To do
Pictures do not belong in your copy. Repeat all the other data exactly.

Input data
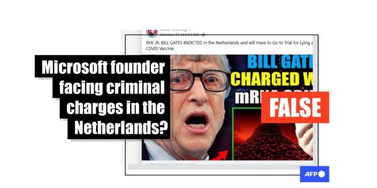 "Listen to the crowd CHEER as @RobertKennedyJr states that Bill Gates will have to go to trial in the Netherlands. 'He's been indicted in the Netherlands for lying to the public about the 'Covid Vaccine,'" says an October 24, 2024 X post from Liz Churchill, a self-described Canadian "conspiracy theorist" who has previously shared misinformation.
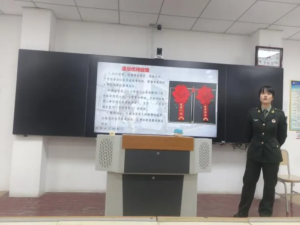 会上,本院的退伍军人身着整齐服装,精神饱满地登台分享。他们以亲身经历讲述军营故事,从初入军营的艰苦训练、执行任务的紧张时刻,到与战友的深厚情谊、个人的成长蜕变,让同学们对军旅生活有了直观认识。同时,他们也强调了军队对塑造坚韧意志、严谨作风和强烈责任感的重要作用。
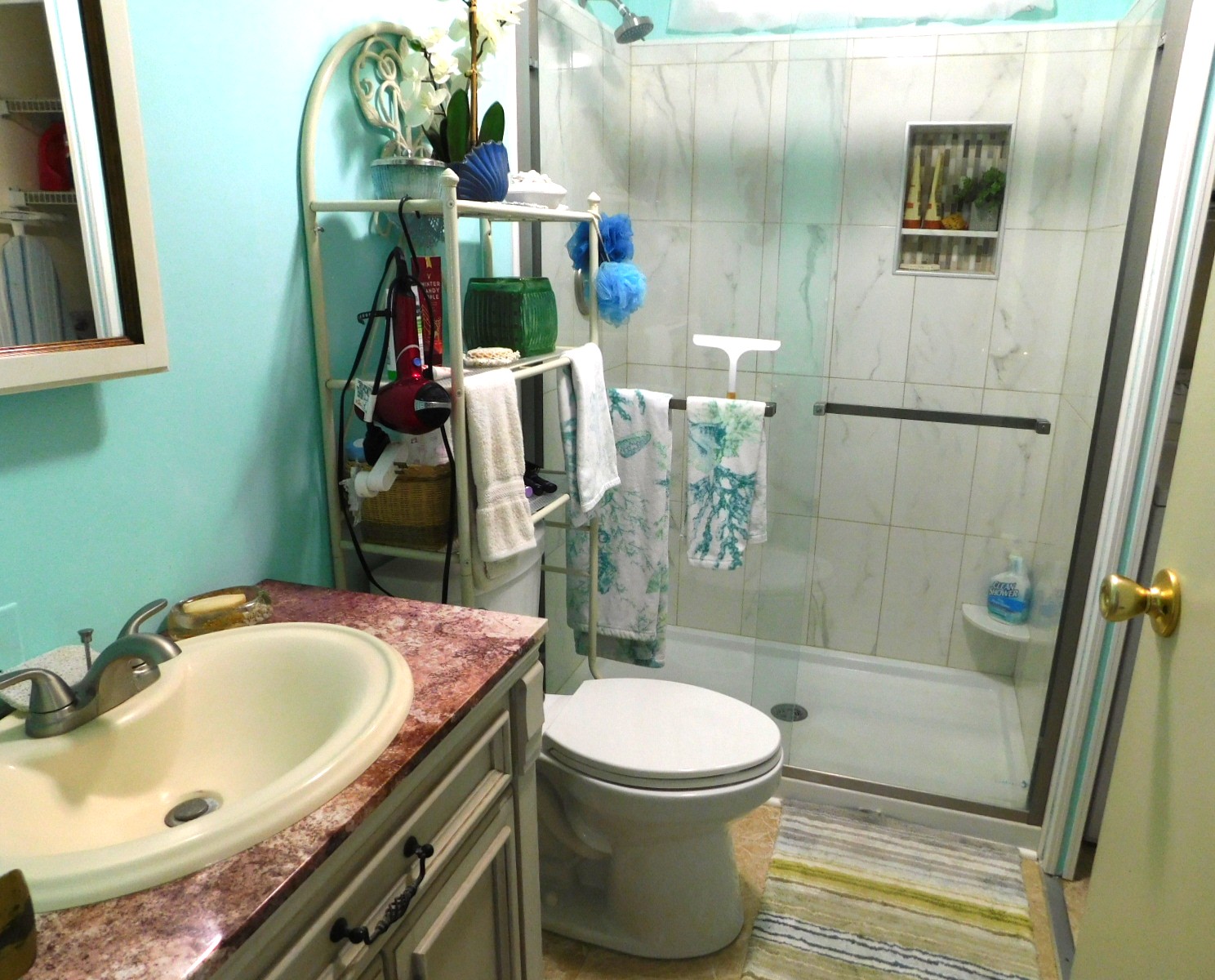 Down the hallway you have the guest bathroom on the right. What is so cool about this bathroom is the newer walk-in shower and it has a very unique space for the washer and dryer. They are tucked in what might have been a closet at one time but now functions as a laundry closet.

Result below
 "Listen to the crowd CHEER as @RobertKennedyJr states that Bill Gates will have to go to trial in the Netherlands. 'He's been indicted in the Netherlands for lying to the public about the 'Covid Vaccine,'" says an October 24, 2024 X post from Liz Churchill, a self-described Canadian "conspiracy theorist" who has previously shared misinformation.
 会上,本院的退伍军人身着整齐服装,精神饱满地登台分享。他们以亲身经历讲述军营故事,从初入军营的艰苦训练、执行任务的紧张时刻,到与战友的深厚情谊、个人的成长蜕变,让同学们对军旅生活有了直观认识。同时,他们也强调了军队对塑造坚韧意志、严谨作风和强烈责任感的重要作用。
 Down the hallway you have the guest bathroom on the right. What is so cool about this bathroom is the newer walk-in shower and it has a very unique space for the washer and dryer. They are tucked in what might have been a closet at one time but now functions as a laundry closet.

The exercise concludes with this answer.